ABOUT THIS EXERCISE -
Quote exactly the lines from the start of the entries to the one with "Size information : Choose", both ends included.
--------------------------------------------------
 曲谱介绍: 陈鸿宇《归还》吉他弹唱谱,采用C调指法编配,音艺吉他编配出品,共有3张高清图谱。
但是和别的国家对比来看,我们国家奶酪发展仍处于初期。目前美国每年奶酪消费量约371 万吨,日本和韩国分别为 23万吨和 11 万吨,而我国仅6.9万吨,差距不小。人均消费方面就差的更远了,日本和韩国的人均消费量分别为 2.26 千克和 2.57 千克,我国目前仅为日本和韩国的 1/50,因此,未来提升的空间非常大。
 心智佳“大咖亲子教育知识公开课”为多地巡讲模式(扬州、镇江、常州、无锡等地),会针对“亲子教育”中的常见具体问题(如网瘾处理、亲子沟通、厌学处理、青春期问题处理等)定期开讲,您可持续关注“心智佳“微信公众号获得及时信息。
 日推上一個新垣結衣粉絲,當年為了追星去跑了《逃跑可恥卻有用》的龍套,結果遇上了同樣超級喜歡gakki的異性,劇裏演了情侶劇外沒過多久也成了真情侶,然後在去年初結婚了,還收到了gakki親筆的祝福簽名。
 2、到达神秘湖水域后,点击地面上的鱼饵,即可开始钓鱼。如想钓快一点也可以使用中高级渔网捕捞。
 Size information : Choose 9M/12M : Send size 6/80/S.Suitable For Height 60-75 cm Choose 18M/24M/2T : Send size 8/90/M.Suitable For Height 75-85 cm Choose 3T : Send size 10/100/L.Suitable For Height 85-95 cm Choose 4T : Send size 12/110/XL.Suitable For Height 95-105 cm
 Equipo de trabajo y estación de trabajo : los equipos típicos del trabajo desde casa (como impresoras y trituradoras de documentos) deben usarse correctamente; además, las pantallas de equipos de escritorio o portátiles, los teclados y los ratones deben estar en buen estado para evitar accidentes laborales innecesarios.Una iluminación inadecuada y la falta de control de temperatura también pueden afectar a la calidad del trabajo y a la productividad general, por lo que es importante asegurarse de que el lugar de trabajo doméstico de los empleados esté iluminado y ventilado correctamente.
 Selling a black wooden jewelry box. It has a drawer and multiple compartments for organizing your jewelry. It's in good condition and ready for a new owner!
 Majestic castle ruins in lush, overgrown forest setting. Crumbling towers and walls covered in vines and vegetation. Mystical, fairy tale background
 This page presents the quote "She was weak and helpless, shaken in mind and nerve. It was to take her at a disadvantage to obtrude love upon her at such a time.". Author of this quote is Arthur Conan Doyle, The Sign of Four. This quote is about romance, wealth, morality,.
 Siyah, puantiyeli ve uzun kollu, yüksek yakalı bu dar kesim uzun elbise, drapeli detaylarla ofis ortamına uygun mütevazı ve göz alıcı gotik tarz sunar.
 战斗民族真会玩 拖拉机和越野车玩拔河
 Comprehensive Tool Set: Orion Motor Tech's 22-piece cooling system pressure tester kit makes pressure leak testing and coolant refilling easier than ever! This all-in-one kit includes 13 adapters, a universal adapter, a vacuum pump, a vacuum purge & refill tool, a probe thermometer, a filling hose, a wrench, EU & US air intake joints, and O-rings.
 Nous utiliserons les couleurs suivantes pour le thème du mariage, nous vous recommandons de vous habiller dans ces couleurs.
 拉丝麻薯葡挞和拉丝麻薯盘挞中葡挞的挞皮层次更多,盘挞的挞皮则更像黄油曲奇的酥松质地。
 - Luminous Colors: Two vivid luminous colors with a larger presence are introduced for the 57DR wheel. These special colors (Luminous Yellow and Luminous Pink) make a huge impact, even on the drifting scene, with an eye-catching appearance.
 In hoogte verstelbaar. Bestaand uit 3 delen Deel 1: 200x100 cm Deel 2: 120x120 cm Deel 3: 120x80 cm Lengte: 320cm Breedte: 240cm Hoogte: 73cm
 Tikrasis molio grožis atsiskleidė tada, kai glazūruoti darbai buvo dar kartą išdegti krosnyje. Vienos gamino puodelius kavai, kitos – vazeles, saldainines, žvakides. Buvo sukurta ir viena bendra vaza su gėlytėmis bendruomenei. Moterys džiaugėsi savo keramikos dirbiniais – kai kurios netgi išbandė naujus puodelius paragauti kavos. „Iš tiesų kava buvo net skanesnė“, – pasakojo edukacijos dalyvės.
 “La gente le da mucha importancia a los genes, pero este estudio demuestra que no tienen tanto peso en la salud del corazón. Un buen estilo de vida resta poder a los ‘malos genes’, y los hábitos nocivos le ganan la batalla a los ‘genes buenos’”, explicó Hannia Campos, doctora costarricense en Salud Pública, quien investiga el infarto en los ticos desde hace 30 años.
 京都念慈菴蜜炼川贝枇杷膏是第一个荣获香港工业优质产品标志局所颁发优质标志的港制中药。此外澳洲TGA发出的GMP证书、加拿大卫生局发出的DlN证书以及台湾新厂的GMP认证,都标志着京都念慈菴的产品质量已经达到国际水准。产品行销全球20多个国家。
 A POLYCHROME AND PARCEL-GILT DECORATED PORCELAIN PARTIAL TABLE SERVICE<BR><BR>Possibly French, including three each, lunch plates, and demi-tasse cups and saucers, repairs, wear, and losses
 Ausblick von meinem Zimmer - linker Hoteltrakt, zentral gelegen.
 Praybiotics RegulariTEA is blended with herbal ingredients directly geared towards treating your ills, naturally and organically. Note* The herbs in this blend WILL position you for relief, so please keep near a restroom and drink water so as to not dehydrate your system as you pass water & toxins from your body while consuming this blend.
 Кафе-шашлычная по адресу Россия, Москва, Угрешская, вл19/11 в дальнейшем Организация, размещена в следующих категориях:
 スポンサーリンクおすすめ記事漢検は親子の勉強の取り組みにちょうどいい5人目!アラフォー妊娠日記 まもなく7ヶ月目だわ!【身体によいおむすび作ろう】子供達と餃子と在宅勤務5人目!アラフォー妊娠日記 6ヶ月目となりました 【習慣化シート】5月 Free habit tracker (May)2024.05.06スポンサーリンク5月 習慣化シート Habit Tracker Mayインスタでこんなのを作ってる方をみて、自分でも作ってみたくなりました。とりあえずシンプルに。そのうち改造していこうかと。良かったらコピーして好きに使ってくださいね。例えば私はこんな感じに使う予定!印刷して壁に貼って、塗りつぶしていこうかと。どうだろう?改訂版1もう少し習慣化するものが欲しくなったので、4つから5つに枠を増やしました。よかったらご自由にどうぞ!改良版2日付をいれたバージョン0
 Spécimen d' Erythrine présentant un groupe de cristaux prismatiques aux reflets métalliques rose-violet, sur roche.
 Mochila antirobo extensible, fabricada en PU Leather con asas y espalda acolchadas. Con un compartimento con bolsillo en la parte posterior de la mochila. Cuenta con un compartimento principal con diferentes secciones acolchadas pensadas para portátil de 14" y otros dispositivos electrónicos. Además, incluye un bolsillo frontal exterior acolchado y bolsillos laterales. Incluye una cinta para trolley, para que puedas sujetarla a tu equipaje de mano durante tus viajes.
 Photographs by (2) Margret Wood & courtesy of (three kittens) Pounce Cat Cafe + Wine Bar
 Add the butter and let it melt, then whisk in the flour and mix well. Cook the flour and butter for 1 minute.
--------------------------------------------------
REPLY TO THE EXERCISE -
 曲谱介绍: 陈鸿宇《归还》吉他弹唱谱,采用C调指法编配,音艺吉他编配出品,共有3张高清图谱。
但是和别的国家对比来看,我们国家奶酪发展仍处于初期。目前美国每年奶酪消费量约371 万吨,日本和韩国分别为 23万吨和 11 万吨,而我国仅6.9万吨,差距不小。人均消费方面就差的更远了,日本和韩国的人均消费量分别为 2.26 千克和 2.57 千克,我国目前仅为日本和韩国的 1/50,因此,未来提升的空间非常大。
 心智佳“大咖亲子教育知识公开课”为多地巡讲模式(扬州、镇江、常州、无锡等地),会针对“亲子教育”中的常见具体问题(如网瘾处理、亲子沟通、厌学处理、青春期问题处理等)定期开讲,您可持续关注“心智佳“微信公众号获得及时信息。
 日推上一個新垣結衣粉絲,當年為了追星去跑了《逃跑可恥卻有用》的龍套,結果遇上了同樣超級喜歡gakki的異性,劇裏演了情侶劇外沒過多久也成了真情侶,然後在去年初結婚了,還收到了gakki親筆的祝福簽名。
 2、到达神秘湖水域后,点击地面上的鱼饵,即可开始钓鱼。如想钓快一点也可以使用中高级渔网捕捞。
 Size information : Choose 9M/12M : Send size 6/80/S.Suitable For Height 60-75 cm Choose 18M/24M/2T : Send size 8/90/M.Suitable For Height 75-85 cm Choose 3T : Send size 10/100/L.Suitable For Height 85-95 cm Choose 4T : Send size 12/110/XL.Suitable For Height 95-105 cm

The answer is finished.